We shall not refer specially to the proceedings of the Hartford Convention, which assembled in December, 1814, during the existence of our last war with Great Britain. We may observe generally, that this body manifested their purpose to dissolve the Union, should Congress refuse to redress the grievances of which they complained. The peace, however, with Great Britain, terminated their action, and consigned them to lasting and well merited reproach. During this entire period the Southern people opposed and denounced all threats and efforts to dissolve the Union as treasonable, and during the war as giving “aid and comfort” to the enemy.
The right of secession found advocates afterwards in men of distinguished abilities and unquestioned patriotism. In 1825 it was maintained by Mr. William Rawle, of Philadelphia, an eminent and universally respected lawyer, in the 23d chapter of his “View of the Constitution of the United States.” In speaking of him his biographer says, that “in 1791 he was appointed District Attorney of the United States, by the Father of his country;” and “the situation of Attorney General was more than once tendered to him by Washington, but as often declined,” for domestic reasons.2 But to quote a still higher authority, that of Mr. John Quincy Adams. This learned and profound statesman, in 1839, admitted the right of the people of a State to secede from the Union, whilst deprecating its exercise. We copy entire the three paragraphs relating to this subject from his “Discourse delivered before the New York Historical Society,”3 on the fiftieth anniversary of General Washington’s Inauguration as President of the United States:
“In the calm hours of self-possession, the right of a State to nullify an act of Congress, is too absurd for argument, and too odious for discussion. The right of a State to secede from the Union, is equally disowned by the principles of the Declaration of Independence. Nations acknowledge no judge between them upon earth; and their Governments, from necessity, must in their intercourse with each other decide when the failure of one party to a contract to perform its obligations, absolves the other from the reciprocal fulfilment of his own. But this last of earthly powers is not necessary to the freedom or independence of States, connected together by the immediate action of the people of whom they consist. To the people alone is there reserved as well the dissolving as the constituent power, and that power can be exercised by them only under the tie of conscience, binding them to the retributive justice of Heaven.
“With these qualifications, we may admit the same right as vested in the people of every State in the Union, with reference to the General Government, which was exercised by the people of the United Colonies, with reference to the supreme head of the British empire, of which they formed a part; and under these limitations have the people of each State in the Union a right to secede from the confederated Union itself.

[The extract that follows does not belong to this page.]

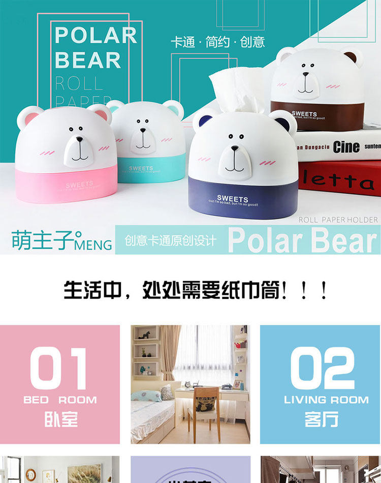 北极熊卡通纸巾盒可爱卷纸筒桌面欧式创意客厅卷纸盒子餐厅卷纸器
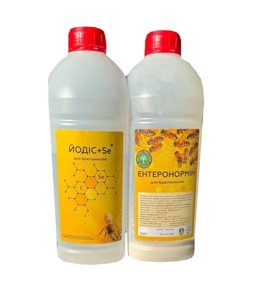 Пробиотик Энтеронормин с водным раствором Йодис+Se, 50 доз применяют для профилактической поддержки, восстановления после стрессов и в комплексных схемах работы с проблемами пасеки. Активация перед использованием, дозировка 25 мл и возможность внесения в корм или опрыскивания делают набор удобным для практической работы на пасеке. (E502001)

“Thus stands the RIGHT. But the indissoluble link of union between the people of the several States of this confederated nation is, after all, not in the right, but in the heart. If the day should ever come (may Heaven avert it) when the affections of the people of these States shall be alienated from each other; when the fraternal spirit shall give way to cold indifference, or collision of interest shall fester into hatred, the bands of political association will not long hold together parties no longer attracted by the magnetism of conciliated interests and kindly sympathies; and far better will it be for the people of the disunited States to part in friendship from each other, than to be held together by constraint. Then will be the time for reverting to the precedents which occurred at the formation and adoption of the Constitution, to form again a more perfect union, by dissolving that which could no longer bind, and to leave the separated parts to be reunited by the law of political gravitation to the centre.”
‘Letter of Dec. 30, 1828, in reply to Harrison Gray Otis and others. Appendix to Randall’s Life of Jefferson, vol. iii., p. 635. Vide also vol. iii., P. 295.